31. Locke: primary and secondary qualities
Primary qualities, such as shape, motion or number are independent of our experience of them;
secondary qualities, such as color and taste, depend on our individual perceptions.
Locke saw primary qualities as actual attributes of the perceived object rather than sensations. While Locke was an empiricist.
Primary qualities (shape, hardness, position, number) are actually present within an object and are not easily divorced from it. Secondary qualities are those that have the power to produce a sensation in the observer (color, scent, taste, sound).
32. Berkeley: “esse est percipi” and phenomenalism
Berkeley maintained that the objects of perception exist only in our experience of them.
what we do not perceive does not exist and what we do perceive exists only by virtue of our perception.
He called this view immaterialism and summed it up in a phrase “esse est percipi” (to be is to be perceived).
In Berkeley’s theory, the objects of our perception are “ideas” that cannot exist outside our concsiousness; there is therefore no material world as such.
Berkeley did not believe, however, that the world dissapears when we close our eyes; these ideas also exist in the mind of God, who guarantees the continued existence of things that escape fallible, temporary human perception. An omniscent, ever-vigiliant God must exists in fact, to preserve the stability and continuity of the universe.
Phenomenalism – a version of empiricism also realted to skepticism.

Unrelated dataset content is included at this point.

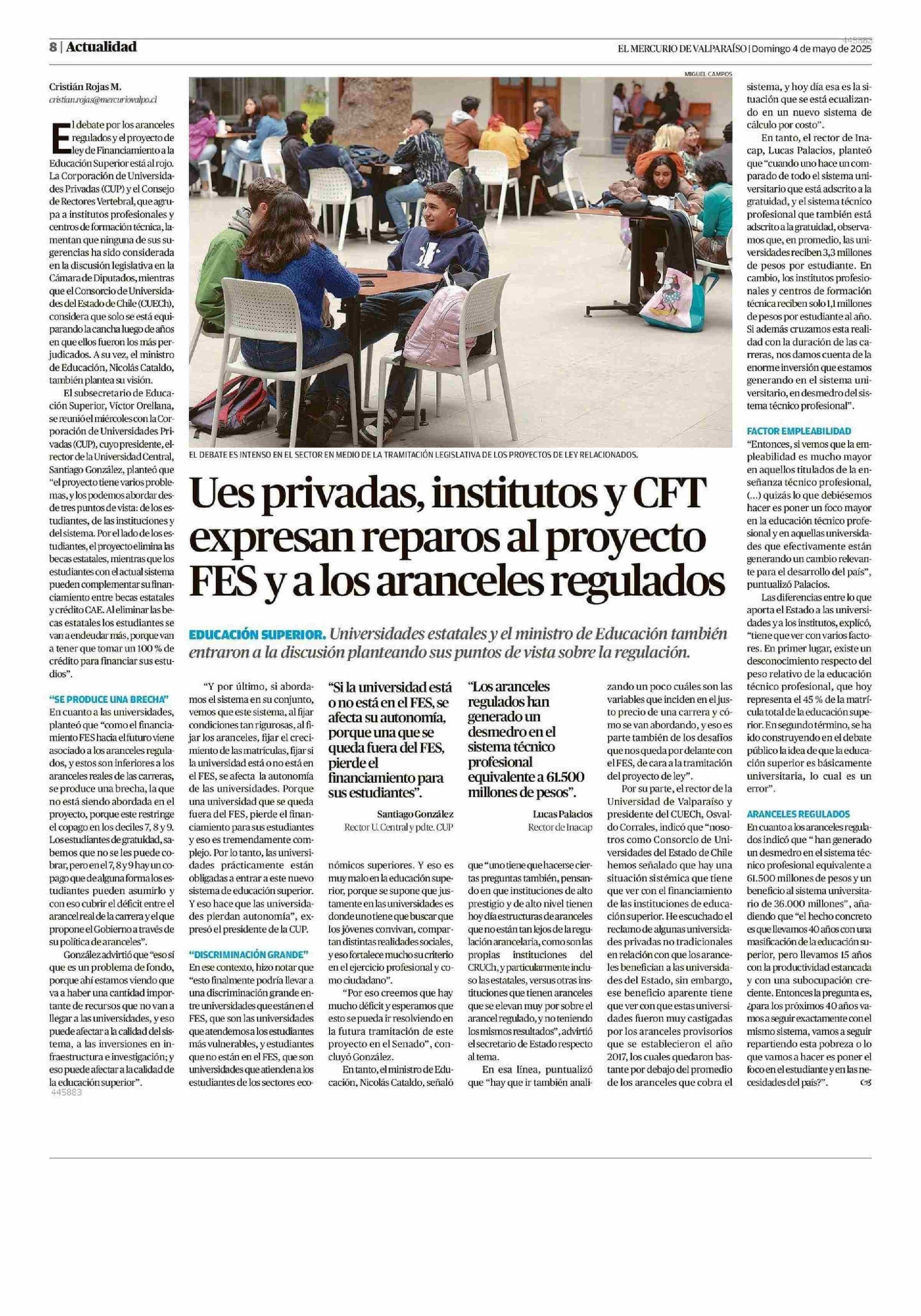 Ues privadas, institutos y CFT expresan reparos al proyecto FES y alos aranceles regulados 04-05-2025 El Mercurio de Valparaíso |

The theory states that we can have knowledge only of pehenomena we perceive, that the reality of a thing depends on our perception of it and that therefore we cannot be certain of the true nature of reality. Matter exists, so far, as we can know for sure, only if and when we perceive it. If there is a fundamental reality beyond the world of phenomena it is unknown and therefore not worth of speculating about
Berkeley distinguished between “being” and “being perceived” and maintained that the objects of perception exists only in our experience of them.